Vicksburg Police Capt. Mark Culbertson, who had worked with Redick since 1977, said he will remember Redick as someone who really cared about his officers.

“You just remember always seeing him around town and you’d say, Hi, Chief Redick,’ and that’s the way I remember him,” Culbertson said.

Warren County Sheriff Martin Pace, who was an intern under Redick at the police department in 1979, said Redick was always a very professional officer.

“I always admired him and looked up to him,” Pace said.

Redick had also been the director of security at the former Kuhn Memorial Hospital for a time and was a veteran of War World II and the Korean War.

He was a member of Locust Grove M.B. Church and a member of the Tyner-Ford Post 213 American Legion and Southern Operators C.B. Club.

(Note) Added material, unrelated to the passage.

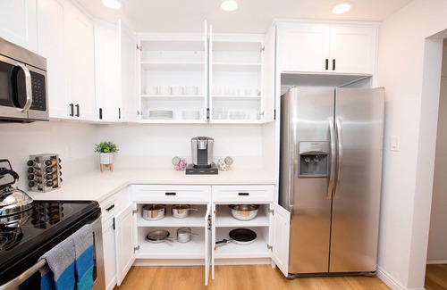 everything in our home is brand new We just finished a full remodel including the kitchen, bathroom, floors, windows, and furnishings. Our home is a 600 sq ft one bedroom apartment on the top floor. It is in a residential neighborhood with wonderful neighbors who are always riding their bikes and walking their dogs. We are 1 mile from Downtown Long Beach and 0.5 miles to the beach. Enjoy the convenience of city living with the ambiance of a tree-lined residential neighborhood.
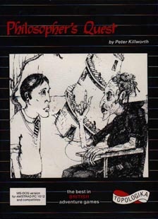 The bluib on the back of this package reads "Petei Killworth - the programmer - fell in love with adventures when he discovered Colossal Cave His own fust attempt at this new art form (Philosopher's Quest) sold 25,000 copies." What the blurb doesn't say is that that was some time ago, and that since then much has changed in the adventure world. Indeed, all the same criticisms apply to this product as to Countdown to Doom (also reviewed in this issue) so I shan't repeat them here. As for the game itself, however, it is fairly evident that Mr Killworth's fascination with Colossal Cave had a decisive influence over his own game design Philosopher's Quest is nothing other than a straight -forward Cave derivative, with all the usual "Junctions of several horizontal passages", magic words to utter, strangely inaccessible rooms to penetrate, and treasure to amass. Unfortunately, we've seen it all before, in a thousand different disguises of which one recent example (Treasure Tunnels) cost under £3.00 The only thing that sets this game apart from the others is (1) the fact that it is disk-only and (2) the fact that it costs £17.95. Neither of these assets is likely to convince you or me to pay for it. AA

“I’ve known Chief Redick for a very, long time, since we were little boys, and he’s always been a very kind and compassionate man, not just as a Vicksburg police officer, but as a human being,” said Walker, now on the faculty at Jackson State University.

Redick, whose nickname was “Billy,” was the organist at his church and had occasionally played with local groups including the Corvettes and the Red Tops.

He was preceded in death by his parents, Prince and Elizabeth Redick; a brother, Sheffield Redick, and a sister, Artimease Redick.

He is survived by his wife, Eunice Redick; two sons, Ozell Stewart of Fort Wayne, Ind., and Mark Winters of Vicksburg; six daughters, Elizabeth Tennessee of Chicago, Celestine Jackson of Memphis, Delvia Dunning, Zandra Mendoza of Fort Wayne and Sandra Boyd and Angela Moore of Vicksburg; one sister, Dorothy Carr of Lansing, Mich.; 16 grandchildren and 16 great-grandchildren.

Services will be at 1 p.m. Sunday at City Auditorium. Burial will follow at Cedar Hill Cemetery under the direction of W.H. Jefferson Funeral Home.